[Given entries Boundary: Start]

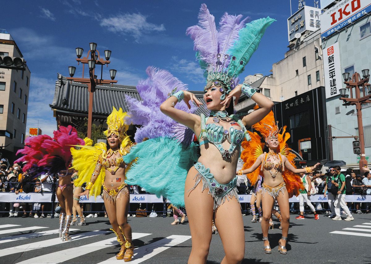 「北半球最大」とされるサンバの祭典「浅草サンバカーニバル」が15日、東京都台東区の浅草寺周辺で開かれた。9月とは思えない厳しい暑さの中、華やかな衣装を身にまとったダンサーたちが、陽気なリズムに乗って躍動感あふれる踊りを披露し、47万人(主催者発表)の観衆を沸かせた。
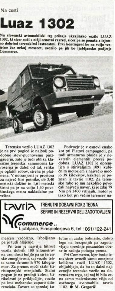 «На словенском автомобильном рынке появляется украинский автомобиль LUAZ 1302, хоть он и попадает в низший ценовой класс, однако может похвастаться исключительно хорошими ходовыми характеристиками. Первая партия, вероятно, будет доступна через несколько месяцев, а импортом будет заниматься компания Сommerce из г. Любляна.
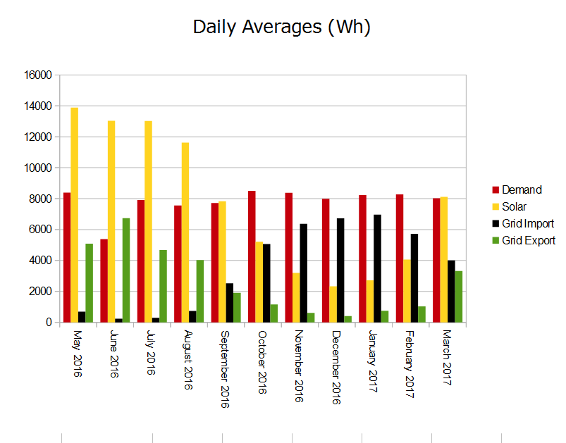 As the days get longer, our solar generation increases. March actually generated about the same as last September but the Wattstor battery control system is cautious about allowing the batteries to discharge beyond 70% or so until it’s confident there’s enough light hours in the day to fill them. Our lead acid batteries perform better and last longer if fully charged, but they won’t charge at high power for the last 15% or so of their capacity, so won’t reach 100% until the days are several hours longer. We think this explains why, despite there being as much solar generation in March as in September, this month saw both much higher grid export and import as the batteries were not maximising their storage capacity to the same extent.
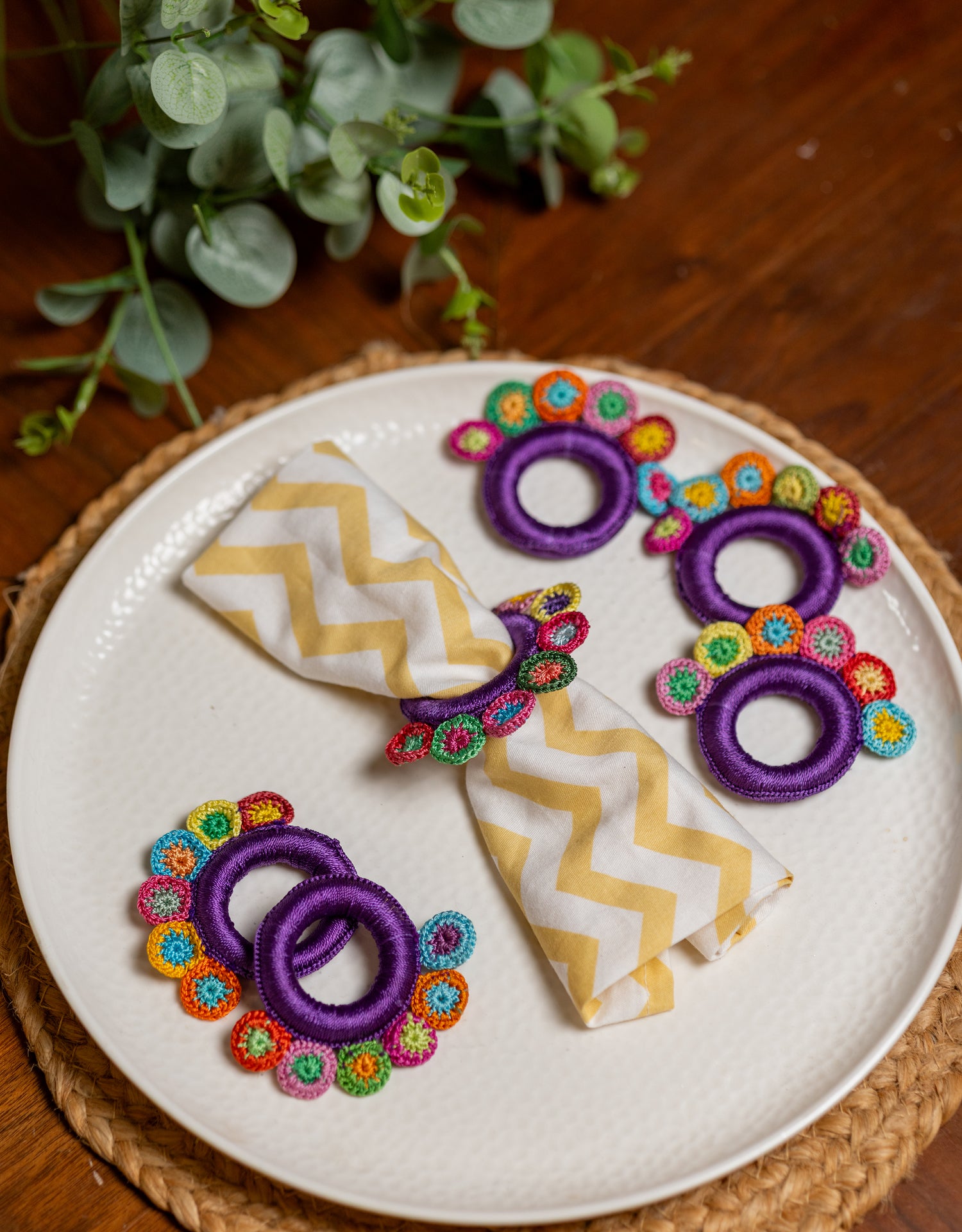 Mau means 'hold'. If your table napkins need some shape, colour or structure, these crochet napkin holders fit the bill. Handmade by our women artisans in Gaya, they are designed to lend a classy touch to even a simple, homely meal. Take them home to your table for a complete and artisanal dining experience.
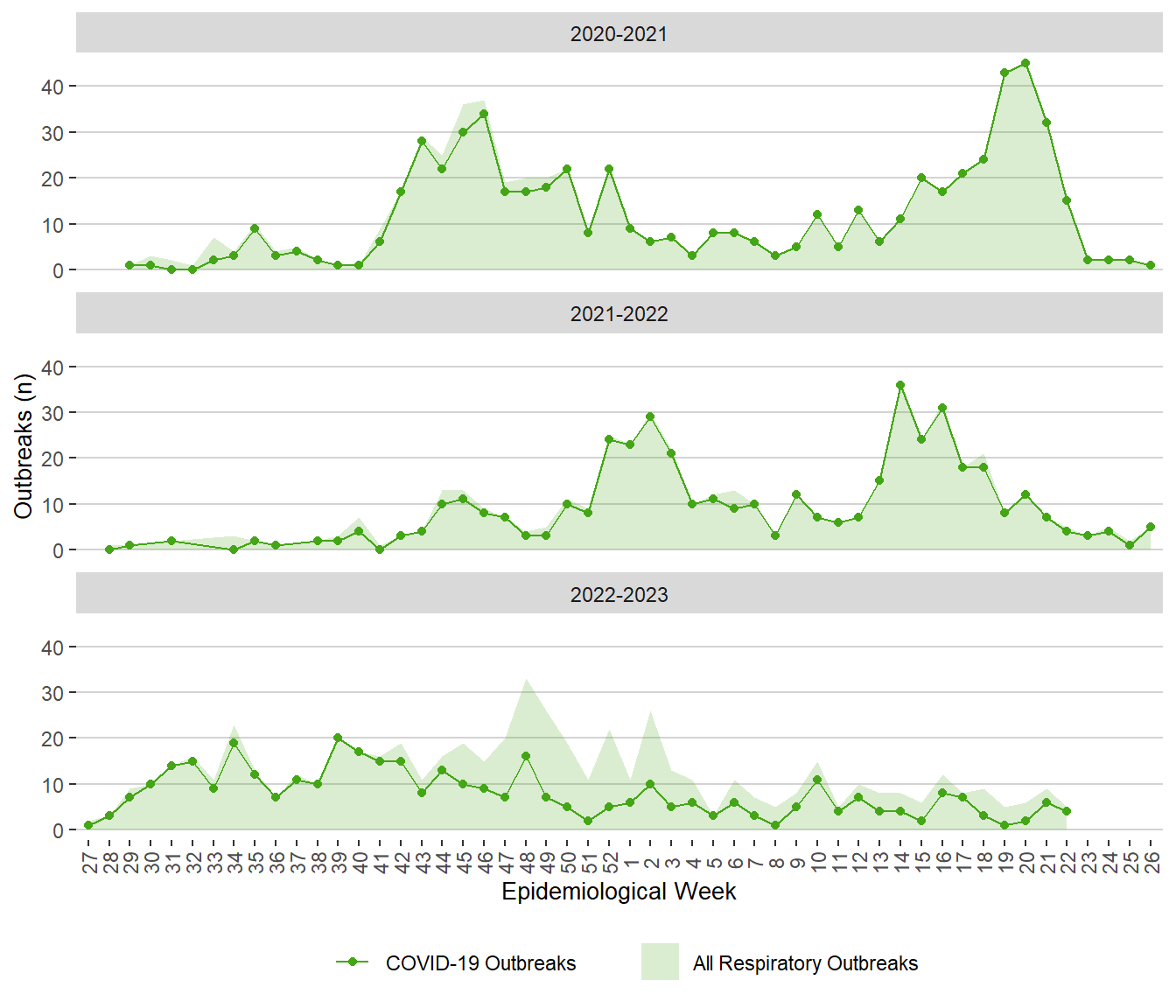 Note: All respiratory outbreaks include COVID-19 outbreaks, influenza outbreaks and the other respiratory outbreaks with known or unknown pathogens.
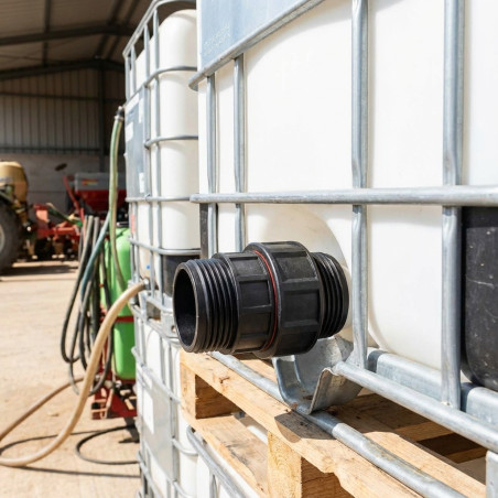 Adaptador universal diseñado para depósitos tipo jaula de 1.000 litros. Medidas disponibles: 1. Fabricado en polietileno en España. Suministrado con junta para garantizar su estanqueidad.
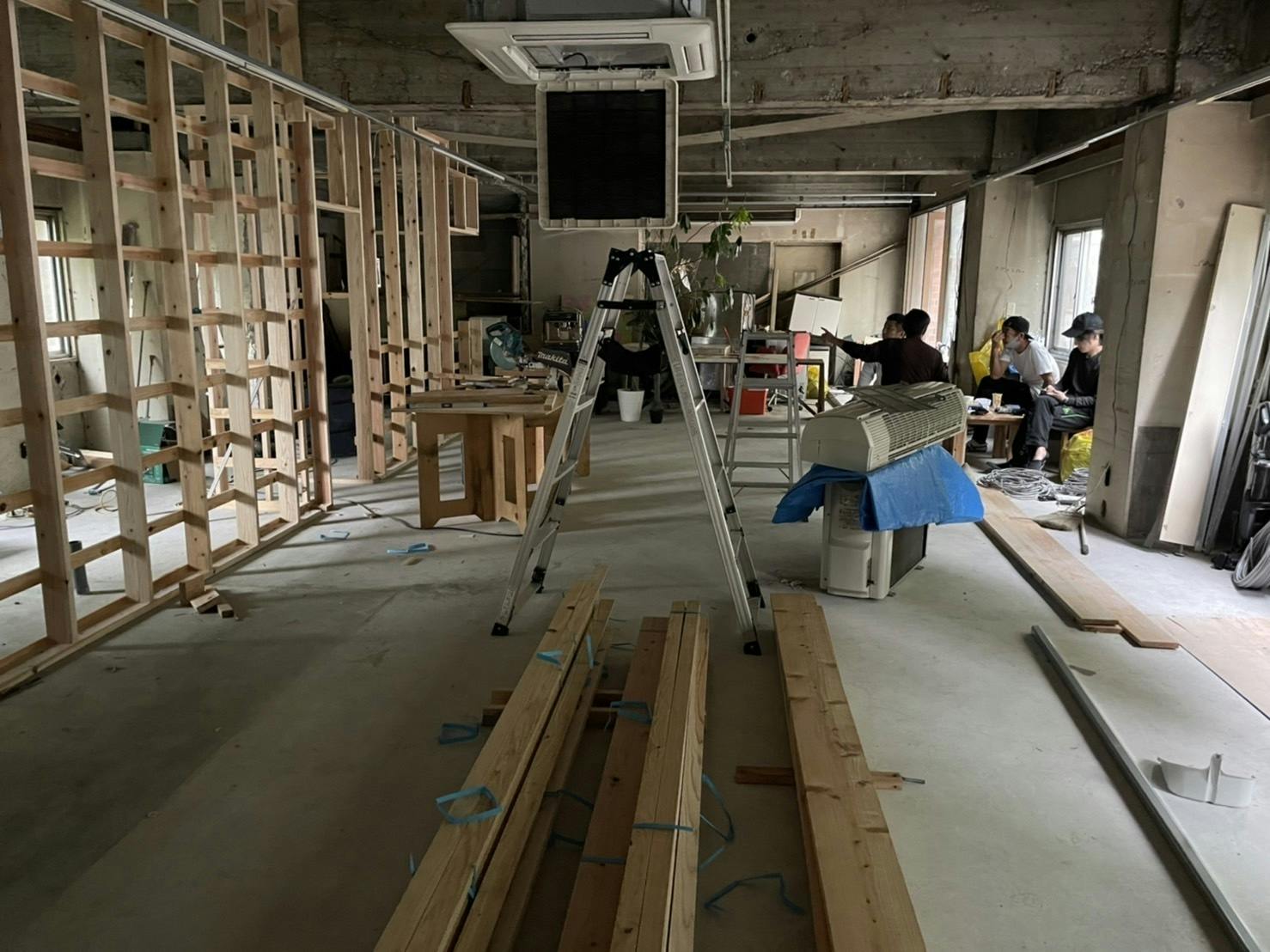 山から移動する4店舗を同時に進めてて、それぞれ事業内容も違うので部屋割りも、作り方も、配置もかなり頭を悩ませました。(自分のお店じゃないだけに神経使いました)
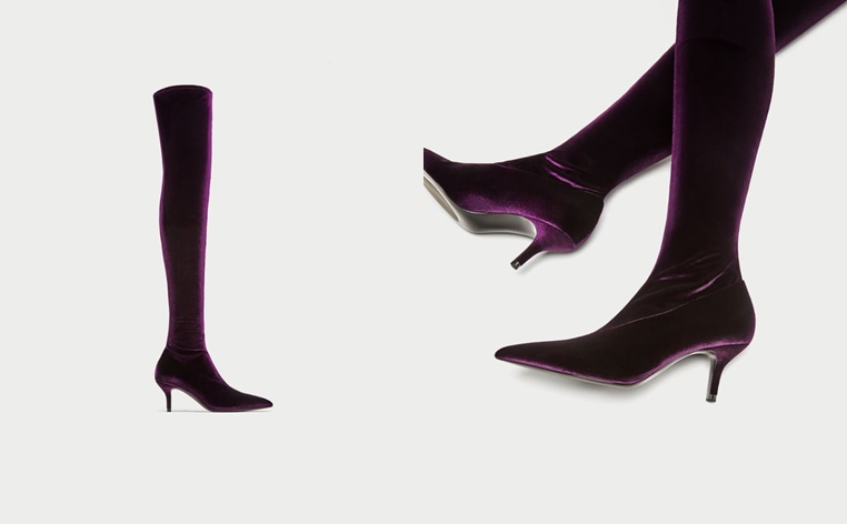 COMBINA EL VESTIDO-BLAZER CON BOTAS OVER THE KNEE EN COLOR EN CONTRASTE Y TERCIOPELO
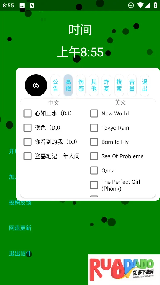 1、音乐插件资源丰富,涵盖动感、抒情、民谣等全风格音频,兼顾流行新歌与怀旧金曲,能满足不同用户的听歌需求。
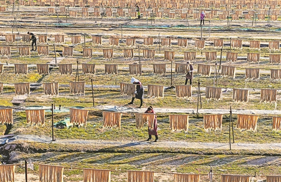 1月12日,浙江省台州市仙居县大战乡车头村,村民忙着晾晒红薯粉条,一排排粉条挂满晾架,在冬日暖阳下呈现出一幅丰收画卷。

[Given entries Boundary: End]

■ What you should do
Your reply should hold every line of the material, unaltered, and not one picture.

■ Answer to this problem
 「北半球最大」とされるサンバの祭典「浅草サンバカーニバル」が15日、東京都台東区の浅草寺周辺で開かれた。9月とは思えない厳しい暑さの中、華やかな衣装を身にまとったダンサーたちが、陽気なリズムに乗って躍動感あふれる踊りを披露し、47万人(主催者発表)の観衆を沸かせた。
 «На словенском автомобильном рынке появляется украинский автомобиль LUAZ 1302, хоть он и попадает в низший ценовой класс, однако может похвастаться исключительно хорошими ходовыми характеристиками. Первая партия, вероятно, будет доступна через несколько месяцев, а импортом будет заниматься компания Сommerce из г. Любляна.
 As the days get longer, our solar generation increases. March actually generated about the same as last September but the Wattstor battery control system is cautious about allowing the batteries to discharge beyond 70% or so until it’s confident there’s enough light hours in the day to fill them. Our lead acid batteries perform better and last longer if fully charged, but they won’t charge at high power for the last 15% or so of their capacity, so won’t reach 100% until the days are several hours longer. We think this explains why, despite there being as much solar generation in March as in September, this month saw both much higher grid export and import as the batteries were not maximising their storage capacity to the same extent.
 Mau means 'hold'. If your table napkins need some shape, colour or structure, these crochet napkin holders fit the bill. Handmade by our women artisans in Gaya, they are designed to lend a classy touch to even a simple, homely meal. Take them home to your table for a complete and artisanal dining experience.
 Note: All respiratory outbreaks include COVID-19 outbreaks, influenza outbreaks and the other respiratory outbreaks with known or unknown pathogens.
 Adaptador universal diseñado para depósitos tipo jaula de 1.000 litros. Medidas disponibles: 1. Fabricado en polietileno en España. Suministrado con junta para garantizar su estanqueidad.
 山から移動する4店舗を同時に進めてて、それぞれ事業内容も違うので部屋割りも、作り方も、配置もかなり頭を悩ませました。(自分のお店じゃないだけに神経使いました)
 COMBINA EL VESTIDO-BLAZER CON BOTAS OVER THE KNEE EN COLOR EN CONTRASTE Y TERCIOPELO
 1、音乐插件资源丰富,涵盖动感、抒情、民谣等全风格音频,兼顾流行新歌与怀旧金曲,能满足不同用户的听歌需求。
 1月12日,浙江省台州市仙居县大战乡车头村,村民忙着晾晒红薯粉条,一排排粉条挂满晾架,在冬日暖阳下呈现出一幅丰收画卷。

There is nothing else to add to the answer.